Tom Waits pierces your heart when you least expect it. "Alice" immediately lulls you into a noir sea that seems straight out of Simenon's novels or perhaps from some smoky American metropolis, maybe Tom's own Los Angeles, and then the journey continues relentlessly, paced by the puffs of the train in "Everything You Can Think", heading towards Singapore (echoes of the masterpiece "Rain Dogs") and off-key accordions. Then there's a splendid, melancholic stop around "Flower's Grave", a ballad of the saddest Tom, and "No One Knows I'm Gone", a song of gray remoteness and solitude.
You set off again with the Brechtian schizophrenia of "Kommienezuspadt", so harsh that it's almost annoying, leading to the imaginative masterpiece (read the lyrics please) of "Poor Edward", one of those songs that no one could have written except Tom. The list could go on, but it wouldn't capture the theatrical effectiveness, because these are songs for the theater, and of course, the musicality that Tom Waits knows how to express.
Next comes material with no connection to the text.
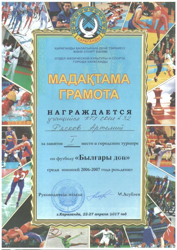 I место в городском турнире по футболу
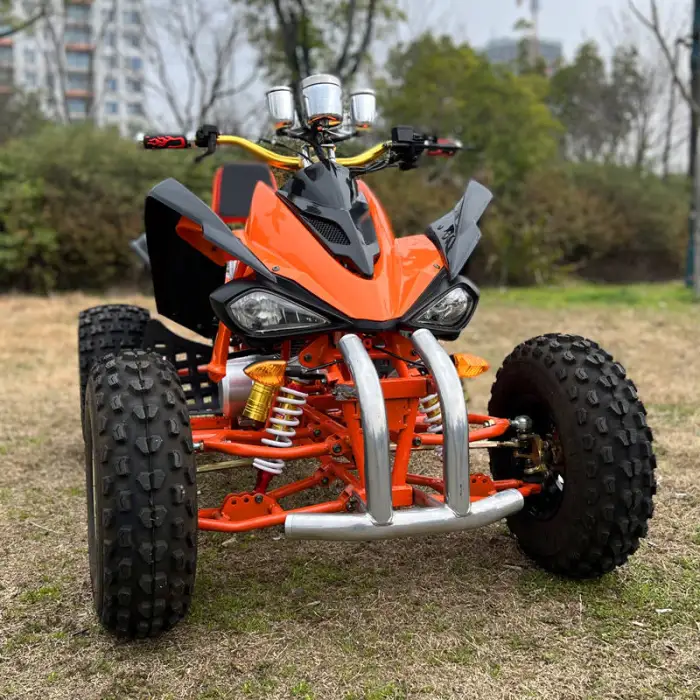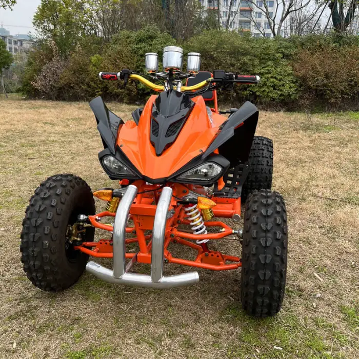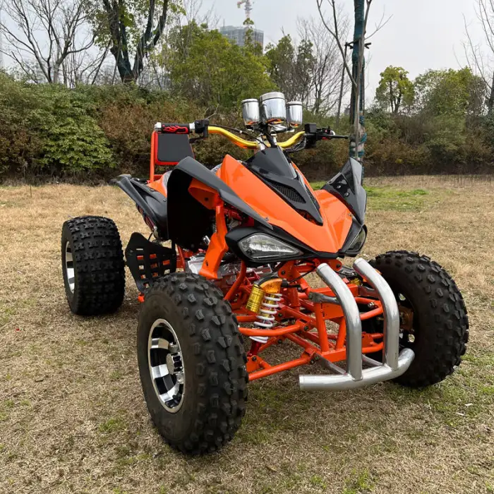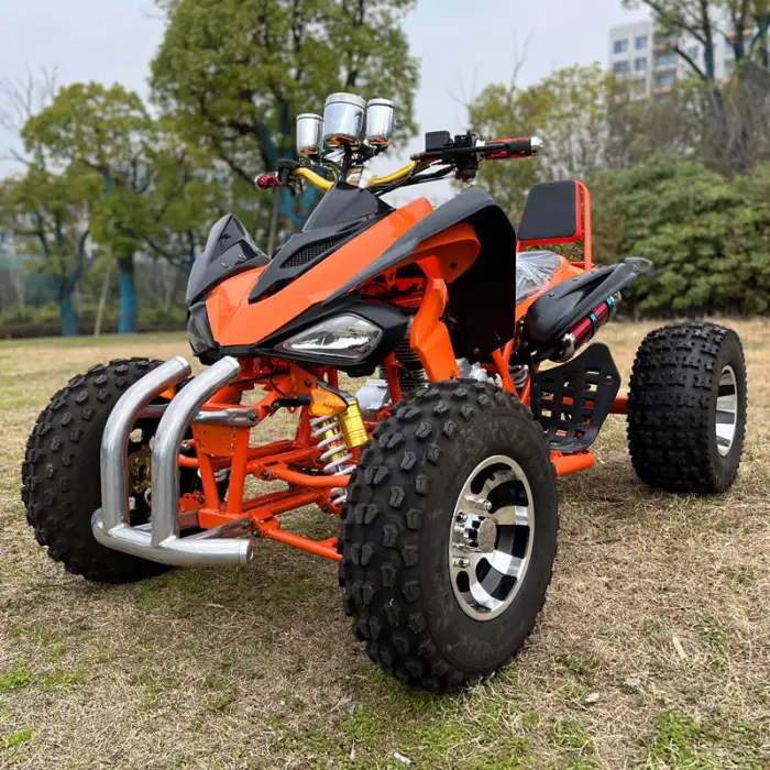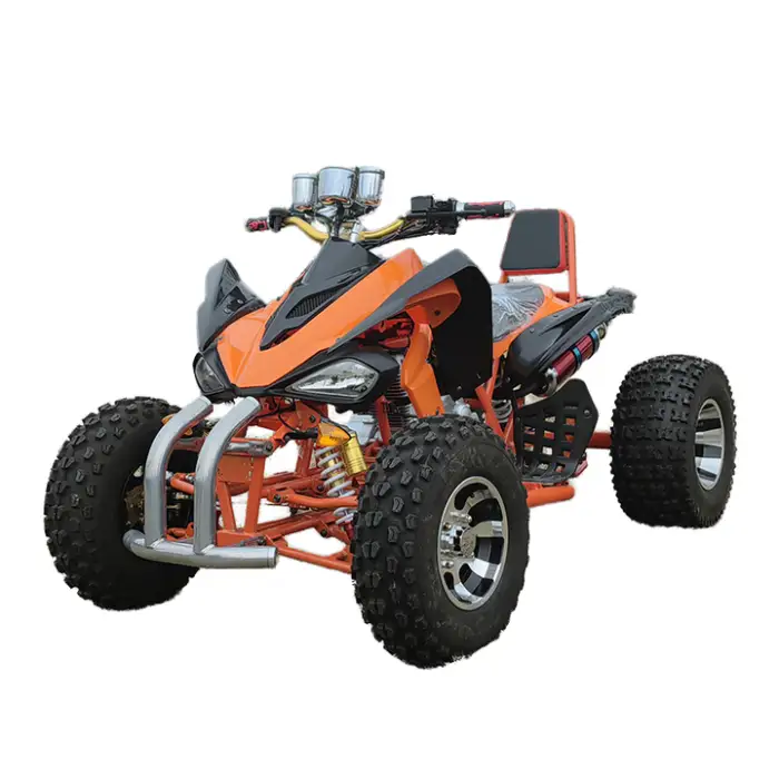 The quad bike is equipped with a front disc and rear disc brake system for reliable stopping power.

Instead, the journey continues through the "blues" story of "Table Top Joe", the recital of "Watch her disappear" etcetera etcetera, up to "Fawn".
If the journey interests you, you just need to sit back and let yourself be lulled. The train is about to depart. . . . . . . .
Alice is a jewel absolutely worthy of his catalog.
I'm still here, a very brief sketch that in less than two minutes says everything that needs to be said with touching delicacy and grace.